La société américaine Global Coral Reef Alliance a une autre idée : stimuler la croissance des récifs à l’aide de courants électriques. En faisant passer une légère tension fournie par des panneaux solaires dans une structure immergée en acier qui accueille de jeunes pousses, ses ingénieurs ont en effet obtenu des organismes qu’ils se développent plus rapidement. « Assez pour bâtir plus vite que les effets dévastateurs du réchauffement climatique », selon eux. Leur technologie équipe déjà plusieurs sites, notamment au Mexique, en Indonésie et en Thaïlande.

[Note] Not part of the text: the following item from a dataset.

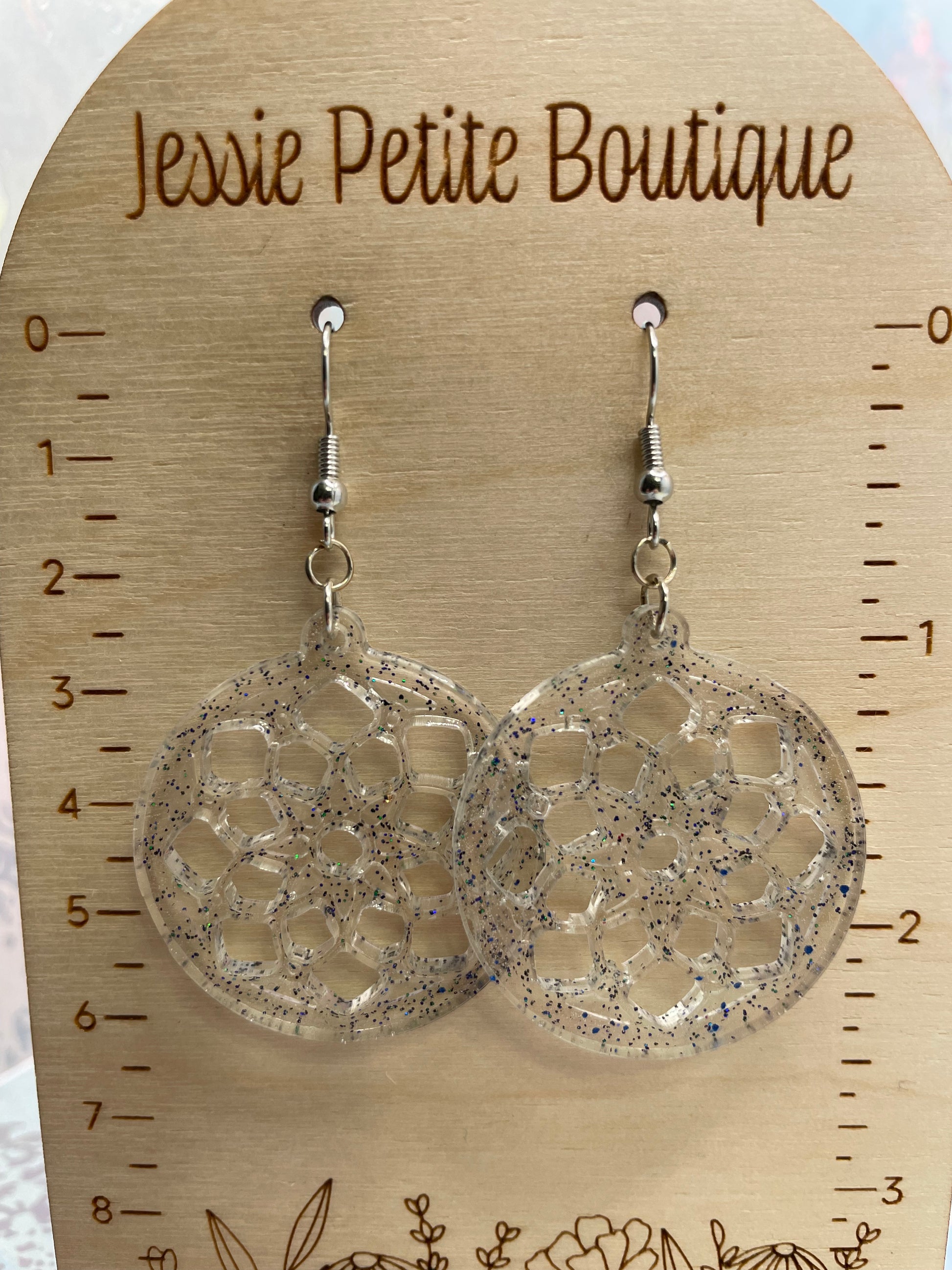 Apportez une touche de beauté raffinée à votre look avec ces boucles d'oreilles Mandala Scintillantes. Ornées d'un motif mandala envoûtant en résine transparente scintillante, ces boucles d'oreilles scintillent délicatement à chaque mouvement. Leur forme ronde leur confère une élégance intemporelle, tandis que leur légèreté assure un confort optimal tout au long de la journée. Elles apporteront une touche de sophistication et d'éclat à vos tenues décontractées comme habillées.

Menace sur la chaîne alimentaire

A supposer que ces performances se vérifient, il leur faudra faire vite pour agir à plus grande échelle. Des scientifiques américains et australiens ont découvert des fossiles prouvant que les récifs coralliens ont davantage souffert au cours des trente dernières années que pendant les 220.000 années précédentes. Or, quand un récif disparaît, toute la chaîne alimentaire est perturbée. De nombreux poissons sont condamnés, tandis que les survivants deviennent porteurs de ciguatera, une toxine naturelle qui se développe dans les algues recouvrant le corail mort et empoisonne leur chair. Près de 500 millions de personnes vivent à moins de 100 kilomètres de récifs coralliens.

Selon l’économiste indien Pavan Sukhdev, les barrières de corail pourraient emporter avec elles l’équivalent de 170 milliards de dollars par an de « services » fournis gratuitement aux habitants de la Terre par ses écosystèmes.